Any suggestions beyond Goo Gone?

I was just outside debadging my pickup truck because it's going for graphics on Thursday and I got 90% of the foam tape adhesive off, but the last 10% just will not budge, even with heat.

I tried WD40, GooGone, Gasoline and nothing made a dent in it.

It's driving me crazy. I don't have time for this crap!:furious:


----------



## Dan_Watson (Mar 1, 2008)

When I took my badges off to paint, I used a little lacquer thinner. I have heard it will damage the paint, but I had no problem. I just made sure it didn't get anywhere that would not be covered up again. It seemed to have no effect on the clear coat where it was used.


----------



## dkillianjr (Aug 28, 2006)

I'm not sure if it too late or not greg. On my old truck I used 3M automotive adhesive remover ( the name was close to that) It still took a couple of applications, but it took everything off. What did you end up going with graphics wise?


Dave


----------



## JohnLINY (Oct 13, 2007)

dkillianjr said:


> I'm not sure if it too late or not greg. On my old truck I used 3M automotive adhesive remover ( the name was close to that) It still took a couple of applications, but it took everything off. What did you end up going with graphics wise?
> 
> 
> Dave


+1 will not hurt the clear coat on your car. You should be able to find it at any auto parts store that also sells paint.


----------



## woodchuck2 (Feb 27, 2008)

Got to a local body shop supply store and tell them what your doing, 3M makes a rubber wheel that goes into a drill that is made for removing the 2 sided tape and other adhesives used for moldings and such. The wheel is basically like a pencil eraser and will not harm the paint like some chemicals do.


----------



## tgeb (Feb 9, 2006)

http://solutions.3m.com/wps/portal/...CEK3_nid=GSD32KVSRGgsRH62RP119XglLX0LCP459Hbl

http://www.google.com/search?rlz=1C...ite™+Molding+Adhesive+and+Stripe+Removal+Disc


----------



## woodchuck2 (Feb 27, 2008)

Yup, thats the one :thumbsup:. I used to have one and it worked great.


----------



## Greg Di (Mar 12, 2005)

My sign guy had some mystery juice he used to take off the rubber and goo pretty quick. I got 85% of it off with elbow grease before I got to him. 

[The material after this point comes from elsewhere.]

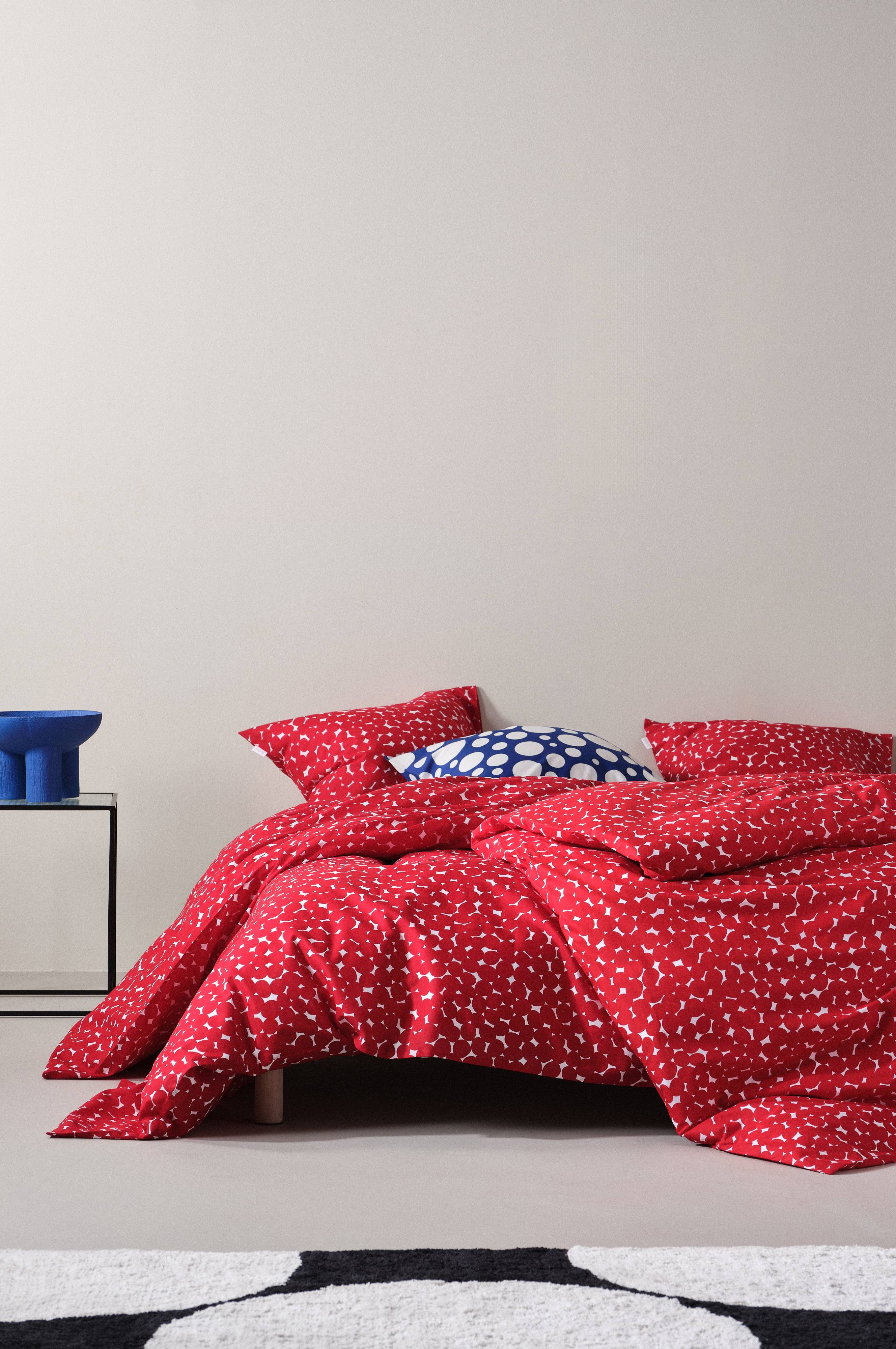 Kaksiosainen pussilakanasetti, jossa pussilakana ja tyynyliina miellyttävää puuvillaa. Tiheä kuvio koostuu painetuista pilkuista. Puuvilla on viileä ja raikas materiaali, joka tuntuu miellyttävältä ihoa vasten. Pussilakanan yläkulmissa on aukot, jotka helpottavat pussilakanan vetämistä peiton päälle. Langantiheys 144 tc. (Langantiheys kertoo lankojen lukumäärän, thread counts, neliötuuman alalla. Mitä suurempi langantiheys, sitä laadukkaampi kangas.)

I will post a pic when I get to my computer.


----------



## greg24k (May 19, 2007)

When I did my truck the lettering was there for about 5 years. I used Greased Lightning it took everything right off.:thumbsup:


----------



## JKBARR127 (Jan 13, 2010)

a little oven cleaner should do it. Iv used it to remove pinstripes and it works very well.


----------



## czimcharopaints (Feb 4, 2009)

denatured alochol


----------



## jdmartin (Dec 30, 2009)

Straight ammonia. I buy it at wal-mart in the cleaner section, then put it in an empty spray bottle. I'm not sure if it will affect the paint or not. I've only used it on windows. Give a sticker on a window a heavy dousing, let it soak up for a minute, then wipe it right off. Learned that from some buddies that used to do tint. That's what they used to get the old stuff off.


----------